# Fat Jax at it again



## Realtor (Oct 1, 2007)

Sunday morning mark (The hired hand) and I decide to see if the boat floats! We hit a few closer in spots and the normal snapper, after snapper. We head to a little deeper water and we get into the snapper, after snapper thing along with a few under sized gags.

Hit another spot and the small AJ's were on fire, Marks hangs a nice fish, runs like there is no tomorrow. Drag is really tight and he is palming the spool. after a little while, there seems to me no life on the end of the line, he ends reeling ina snapper head.

You guessed it, not to go to waste, down goes a shark rig, after about an hour, 5 nice bulls come to the boat. here are a fre pictures:


----------



## Ultralite (Oct 1, 2007)

very nice jim and mark! you guys always find the greysuits...don't know how you do it without a gutt bucket...


----------



## Clay-Doh (Oct 2, 2007)

You 2 are just on fire when it comes to sharks! Dang...I gotta getout with you guys once and learn a lil.



I mostly catch buzzes.


----------



## mpmorr (Oct 3, 2007)

Man that looks like a blast. Congrats on a great trip.


----------



## Runned Over (Sep 6, 2008)

> *mpmorr (12/21/2009)*Man that looks like a blast. Congrats on a great trip.


That looks like alot of pain!!!!!

No gut bucket, and those rods bowed up like that????? That is crazy!!!! :bowdown

Then when you get them to the boat, DANGER!!!! 

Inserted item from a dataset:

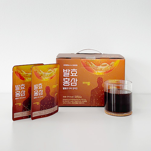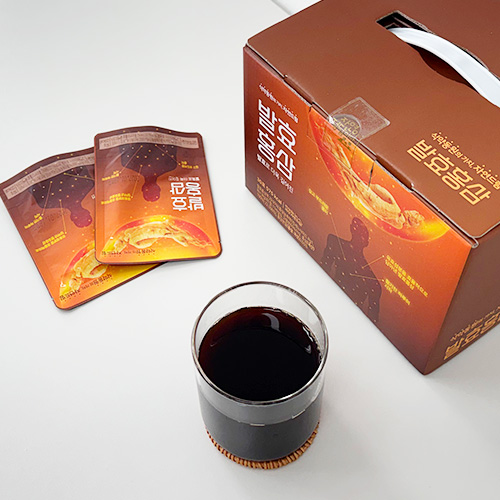 | | | 물품특징 | | .원료 기준 진세노사이드 **11mg/g 이상(원료 기준)**의 고품질 홍삼농축액을 주원료로 사용 .흑마늘, 대추 등 엄선된 부원료를 더해 풍미와 조화를 강화 .효소 및 유산균을 활용한 발효 공정을 통해 홍삼 사포닌을 저분자 형태로 분해 섭취 용이 .설탕 대신 알룰로스 사용으로 칼로리 부담은 줄이고, 쓴맛은 완화 .깊고 진한 맛으로 매일 부담 없이 섭취 가능 | | | 이용방법 | | 1일 1~2회 섭취, 1회 1포 음용 | | | 생산과정 | | 원료계량->발효->교반 ->여과->살균->충진->금속검출->포장->출고 | | | 기타사항 | | . 간혹 침전물이 생길수 있으나 이는 가공과정에서 발생한 원료의 일부이므로 안심하고 이용하시기 바랍니다. . 파우치 포장 그대로 전자렌지에 가열하지 마십시오. | |
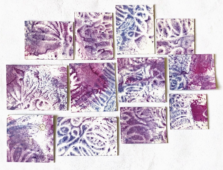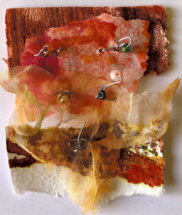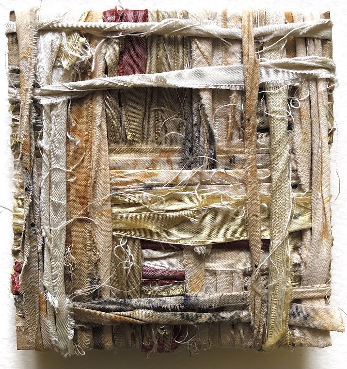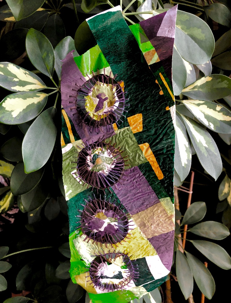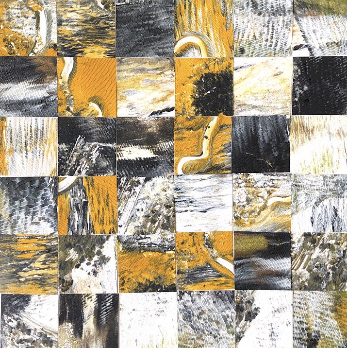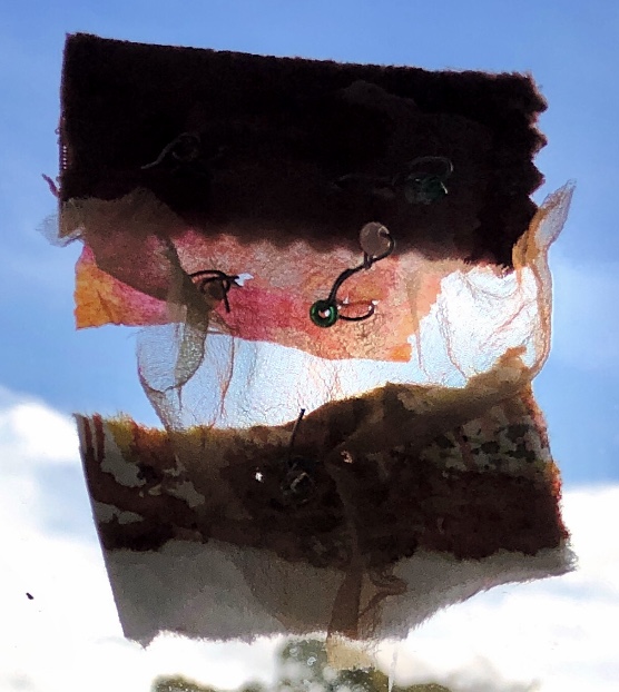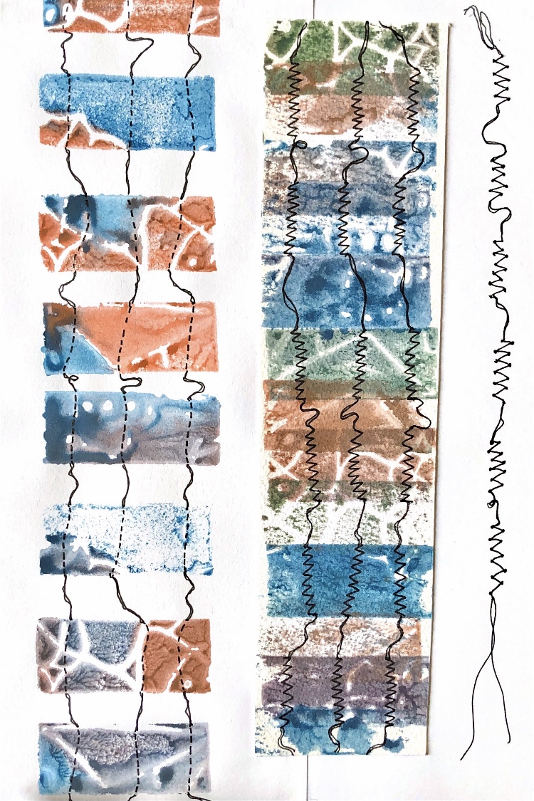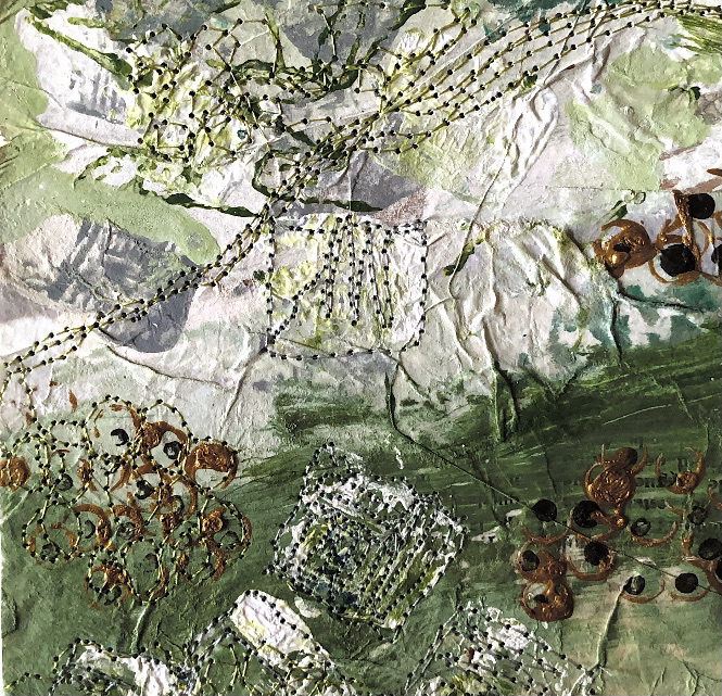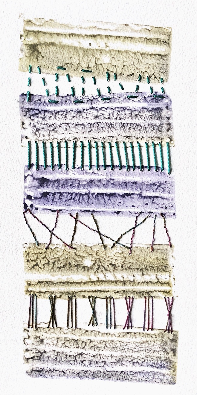 Collage papers painted. Squares cut out – hand and machine stitched.

OK I'm ready to try it. (Probably once) With a gut bucket though!!! :baby

Nice job guy's!!! :clap


----------



## nextstep (Jun 27, 2008)

way to go jim and dale, i mean mark. dang mark you really look like dale in that first pic. take it as a compliment.:letsdrink


----------



## Ultralite (Oct 1, 2007)

Earnhart lives!...

what didya catch today mark...missed a trip/call from youthis morning because my azz is on vacation til' next year and i slept til' after 9:00...


----------



## bluffman2 (Nov 22, 2007)

> *Ultralite (12/21/2009)*Earnhart lives!...
> 
> ..


at first i thought he was reffering to "your Dale" and i said ...she is a heckuva lot better looking than that...... mark,no pun intended oke

none the less thanks for the report.....i was WORKING :banghead


----------



## on the rocks (Oct 1, 2007)

> *bluffman2 (12/21/2009)*
> 
> 
> > *Ultralite (12/21/2009)*Earhart lives!...
> ...


me too, went and checked in the mirror to make sure I didn't have a moustache...


----------



## nextstep (Jun 27, 2008)




----------



## bluffman2 (Nov 22, 2007)

> *on the rocks (12/21/2009)*
> 
> 
> > *bluffman2 (12/21/2009)*
> ...


well DID you? oke :moon :grouphug


----------



## bonita dan (Oct 3, 2007)

Shark Murderers! :bowdown


----------



## fishn4real (Sep 28, 2007)

> *on the rocks (12/21/2009)*
> 
> 
> > *bluffman2 (12/21/2009)*
> ...












You cracked my up, LOL, LMAO, SL, CSL, Best laugh I have had in years.


----------